What you need to do -
Below, find the line containing "The lower scene" and the line containing "Die elegante Form"; reproduce exactly those two and every line between them, omitting pictures.

Input data -
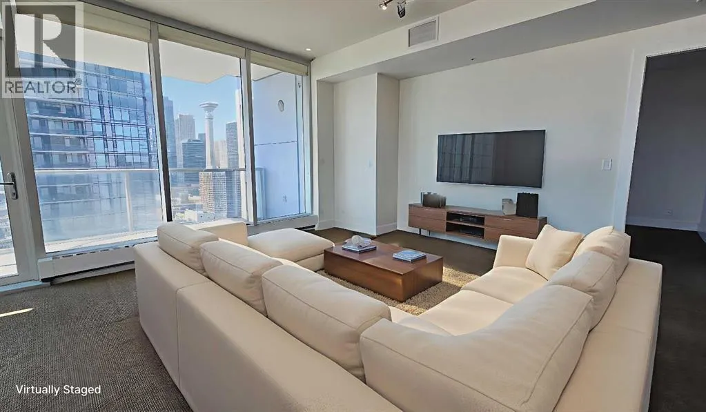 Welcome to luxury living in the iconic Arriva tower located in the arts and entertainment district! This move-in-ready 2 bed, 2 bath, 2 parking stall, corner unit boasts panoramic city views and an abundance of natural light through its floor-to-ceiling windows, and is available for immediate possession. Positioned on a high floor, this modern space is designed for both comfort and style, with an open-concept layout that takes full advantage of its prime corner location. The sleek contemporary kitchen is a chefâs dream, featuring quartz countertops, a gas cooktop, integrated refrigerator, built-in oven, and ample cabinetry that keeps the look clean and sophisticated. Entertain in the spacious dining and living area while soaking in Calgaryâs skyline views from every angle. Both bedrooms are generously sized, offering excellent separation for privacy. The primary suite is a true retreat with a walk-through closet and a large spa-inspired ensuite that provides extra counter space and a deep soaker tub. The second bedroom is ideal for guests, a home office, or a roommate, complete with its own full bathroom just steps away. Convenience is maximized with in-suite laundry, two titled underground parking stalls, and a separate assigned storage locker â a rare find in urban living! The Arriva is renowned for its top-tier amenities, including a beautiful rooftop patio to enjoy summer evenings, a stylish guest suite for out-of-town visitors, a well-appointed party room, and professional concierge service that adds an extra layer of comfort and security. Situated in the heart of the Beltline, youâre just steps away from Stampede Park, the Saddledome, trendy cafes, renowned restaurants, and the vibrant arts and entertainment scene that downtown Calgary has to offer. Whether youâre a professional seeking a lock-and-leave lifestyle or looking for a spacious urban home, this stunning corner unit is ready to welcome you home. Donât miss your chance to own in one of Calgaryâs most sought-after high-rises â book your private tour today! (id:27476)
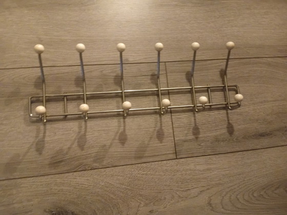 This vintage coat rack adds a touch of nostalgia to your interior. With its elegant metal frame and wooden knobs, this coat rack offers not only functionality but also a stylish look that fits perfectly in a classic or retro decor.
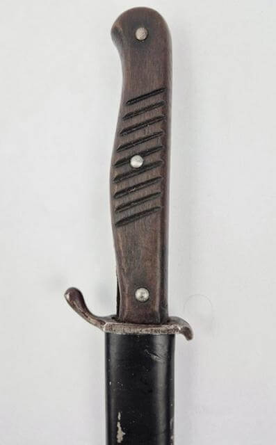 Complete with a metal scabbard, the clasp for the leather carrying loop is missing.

--

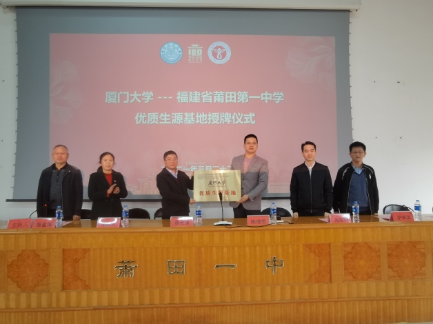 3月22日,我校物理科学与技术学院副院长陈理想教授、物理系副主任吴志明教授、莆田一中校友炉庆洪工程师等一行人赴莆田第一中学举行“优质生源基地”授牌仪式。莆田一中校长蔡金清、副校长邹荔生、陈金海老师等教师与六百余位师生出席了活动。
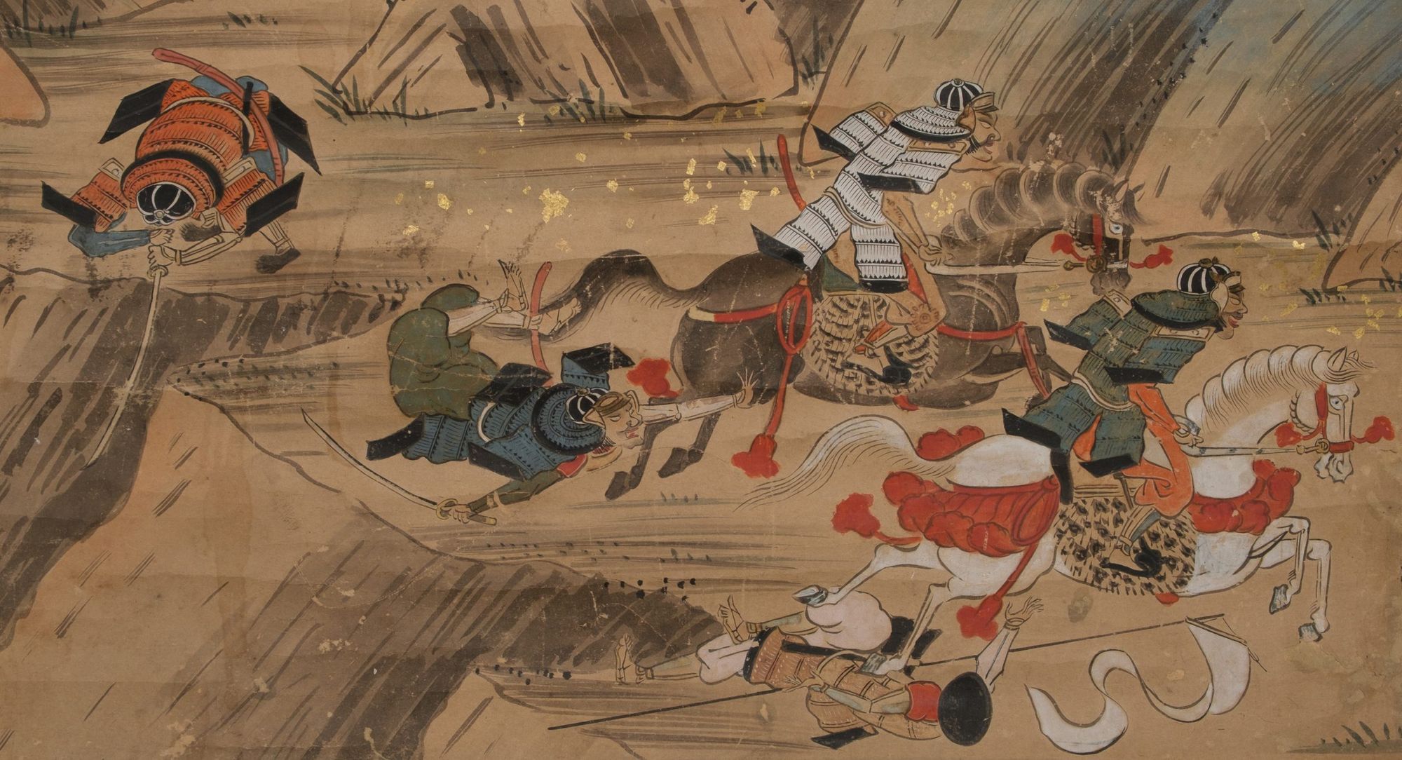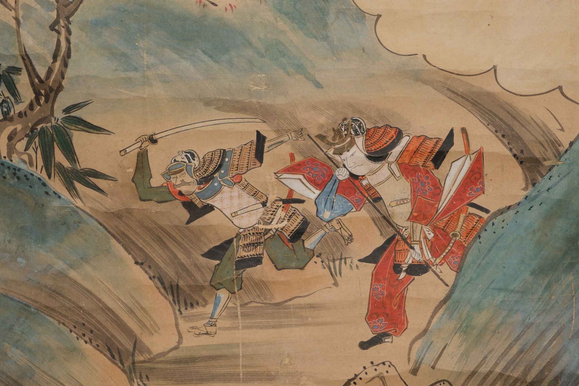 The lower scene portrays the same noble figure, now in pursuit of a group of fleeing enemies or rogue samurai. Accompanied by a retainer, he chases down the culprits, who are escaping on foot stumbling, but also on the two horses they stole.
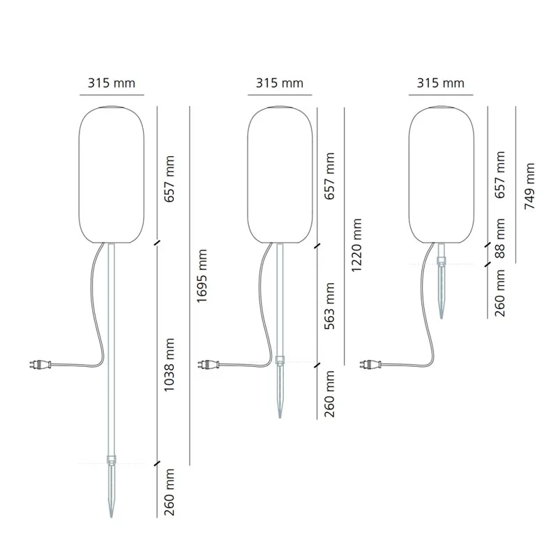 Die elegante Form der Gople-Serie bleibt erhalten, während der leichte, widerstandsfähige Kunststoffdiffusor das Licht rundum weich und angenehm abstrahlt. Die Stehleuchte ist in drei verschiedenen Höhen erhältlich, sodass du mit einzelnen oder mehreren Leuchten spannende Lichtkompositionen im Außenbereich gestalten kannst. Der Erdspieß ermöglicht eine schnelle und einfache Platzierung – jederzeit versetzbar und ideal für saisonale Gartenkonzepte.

Completed task -
 The lower scene portrays the same noble figure, now in pursuit of a group of fleeing enemies or rogue samurai. Accompanied by a retainer, he chases down the culprits, who are escaping on foot stumbling, but also on the two horses they stole.
 Die elegante Form der Gople-Serie bleibt erhalten, während der leichte, widerstandsfähige Kunststoffdiffusor das Licht rundum weich und angenehm abstrahlt. Die Stehleuchte ist in drei verschiedenen Höhen erhältlich, sodass du mit einzelnen oder mehreren Leuchten spannende Lichtkompositionen im Außenbereich gestalten kannst. Der Erdspieß ermöglicht eine schnelle und einfache Platzierung – jederzeit versetzbar und ideal für saisonale Gartenkonzepte.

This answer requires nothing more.